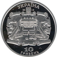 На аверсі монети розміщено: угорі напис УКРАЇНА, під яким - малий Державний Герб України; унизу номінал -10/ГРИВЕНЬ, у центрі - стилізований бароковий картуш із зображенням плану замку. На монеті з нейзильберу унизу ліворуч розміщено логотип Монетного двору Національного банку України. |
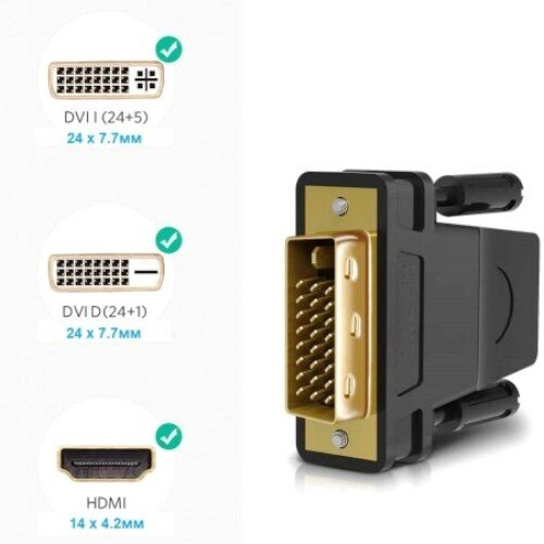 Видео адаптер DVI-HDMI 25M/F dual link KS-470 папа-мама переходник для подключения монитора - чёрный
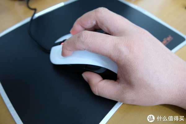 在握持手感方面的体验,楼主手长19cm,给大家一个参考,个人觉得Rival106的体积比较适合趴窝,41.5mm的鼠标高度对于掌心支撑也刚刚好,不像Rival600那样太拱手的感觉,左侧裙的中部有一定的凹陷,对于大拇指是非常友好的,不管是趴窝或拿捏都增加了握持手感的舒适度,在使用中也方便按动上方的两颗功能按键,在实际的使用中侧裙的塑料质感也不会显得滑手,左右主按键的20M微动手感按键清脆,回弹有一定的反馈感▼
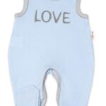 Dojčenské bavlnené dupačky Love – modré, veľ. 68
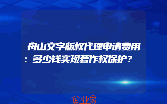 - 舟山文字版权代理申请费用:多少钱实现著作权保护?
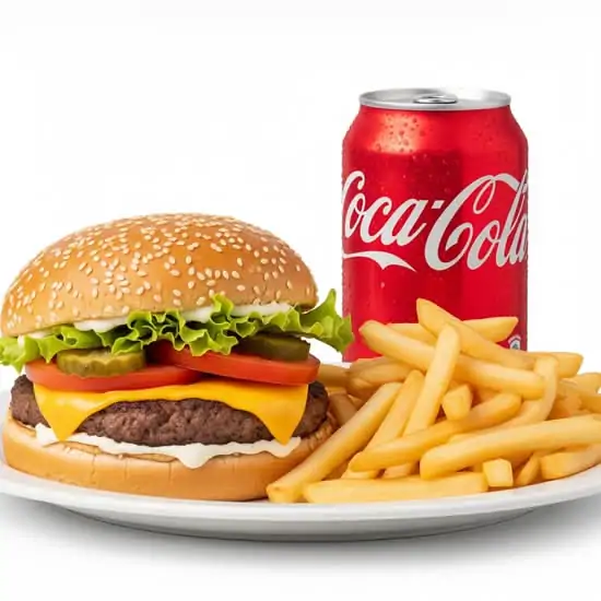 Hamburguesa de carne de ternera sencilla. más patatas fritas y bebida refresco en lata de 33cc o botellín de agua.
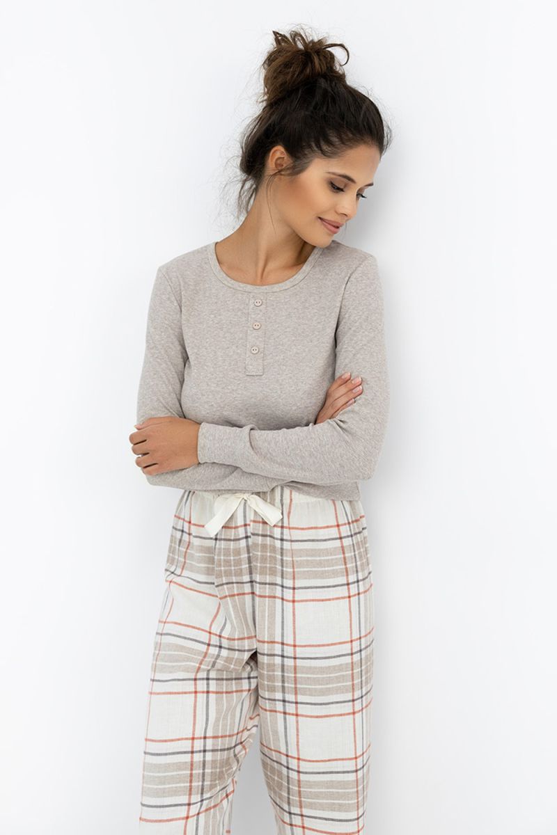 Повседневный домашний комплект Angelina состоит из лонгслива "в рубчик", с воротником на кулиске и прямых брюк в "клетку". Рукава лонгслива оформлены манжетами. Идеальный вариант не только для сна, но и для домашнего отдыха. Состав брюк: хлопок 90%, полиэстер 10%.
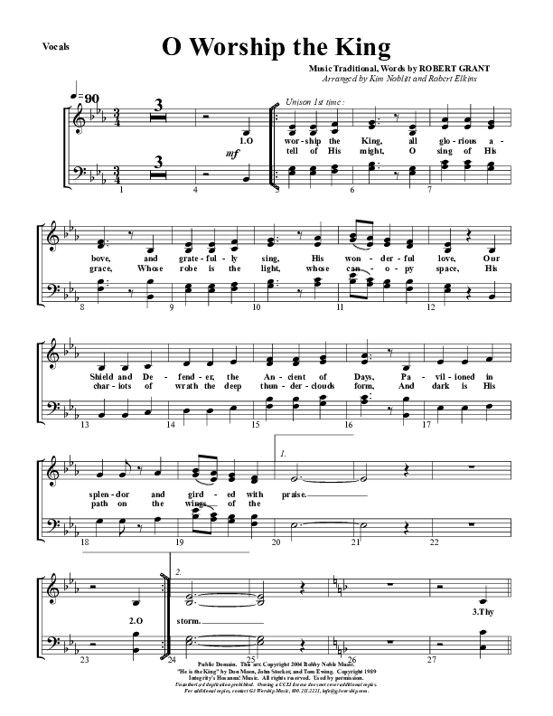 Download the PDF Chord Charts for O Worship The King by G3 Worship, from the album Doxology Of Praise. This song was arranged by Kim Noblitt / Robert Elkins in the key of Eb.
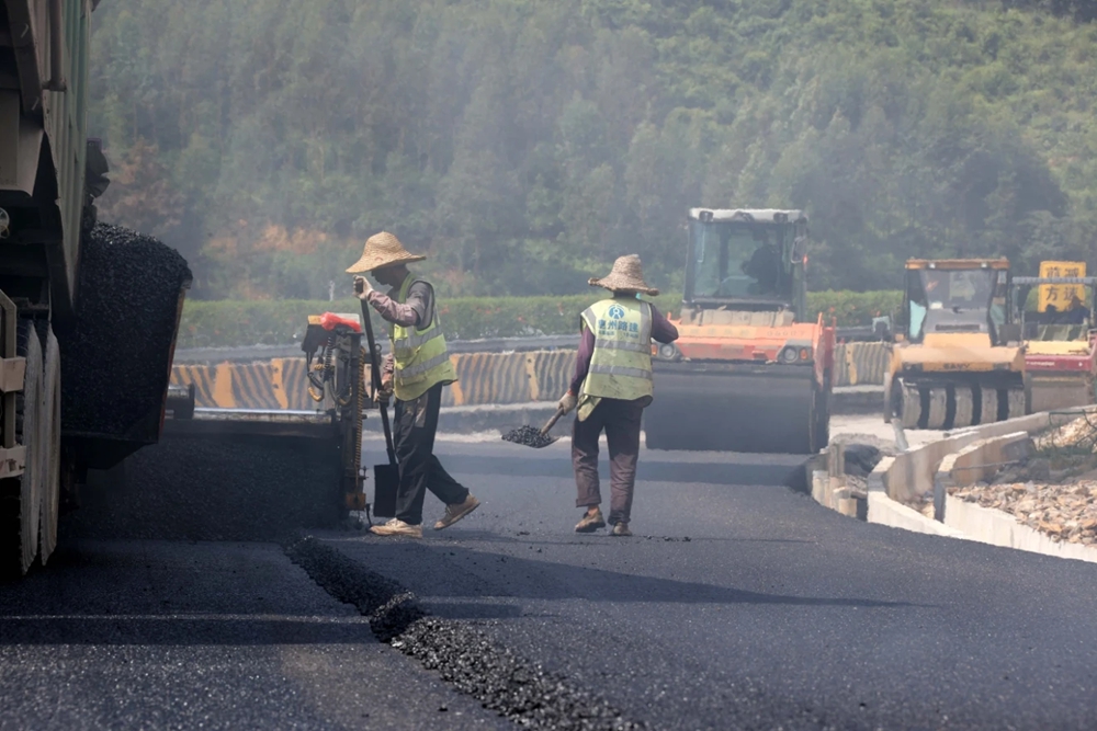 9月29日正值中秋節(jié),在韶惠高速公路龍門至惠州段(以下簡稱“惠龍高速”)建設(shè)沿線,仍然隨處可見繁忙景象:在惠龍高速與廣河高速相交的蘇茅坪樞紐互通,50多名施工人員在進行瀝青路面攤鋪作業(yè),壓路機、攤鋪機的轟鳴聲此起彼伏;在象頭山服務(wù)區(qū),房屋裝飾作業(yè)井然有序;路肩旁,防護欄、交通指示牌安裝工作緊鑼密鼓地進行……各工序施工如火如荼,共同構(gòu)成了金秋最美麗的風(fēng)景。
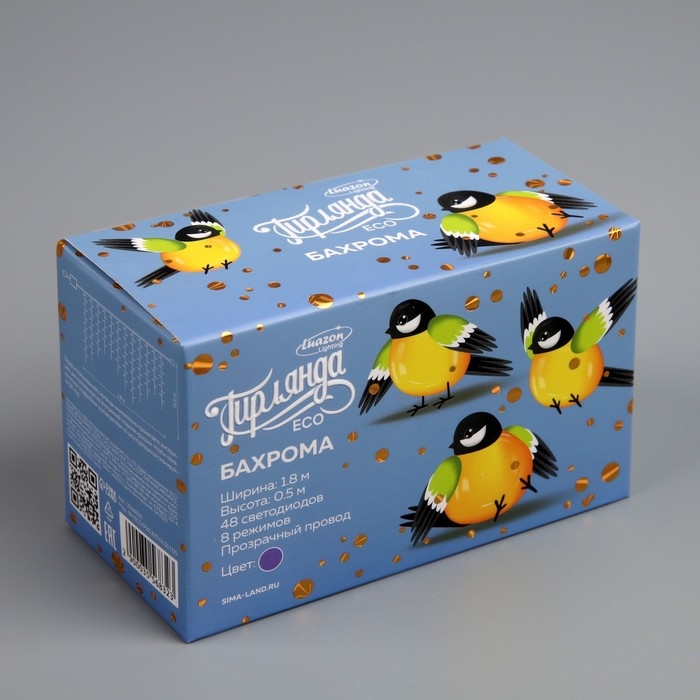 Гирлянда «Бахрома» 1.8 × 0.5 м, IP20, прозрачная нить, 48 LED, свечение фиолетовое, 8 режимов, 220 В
• • •
**Exercise aim**
Pictures in the material above should be skipped; print exactly the lines from the one with "Dojčenské bavlnené dupačky" through the one with "Download the PDF".

**Expected output**
 Dojčenské bavlnené dupačky Love – modré, veľ. 68
 - 舟山文字版权代理申请费用:多少钱实现著作权保护?
 Hamburguesa de carne de ternera sencilla. más patatas fritas y bebida refresco en lata de 33cc o botellín de agua.
 Повседневный домашний комплект Angelina состоит из лонгслива "в рубчик", с воротником на кулиске и прямых брюк в "клетку". Рукава лонгслива оформлены манжетами. Идеальный вариант не только для сна, но и для домашнего отдыха. Состав брюк: хлопок 90%, полиэстер 10%.
 Download the PDF Chord Charts for O Worship The King by G3 Worship, from the album Doxology Of Praise. This song was arranged by Kim Noblitt / Robert Elkins in the key of Eb.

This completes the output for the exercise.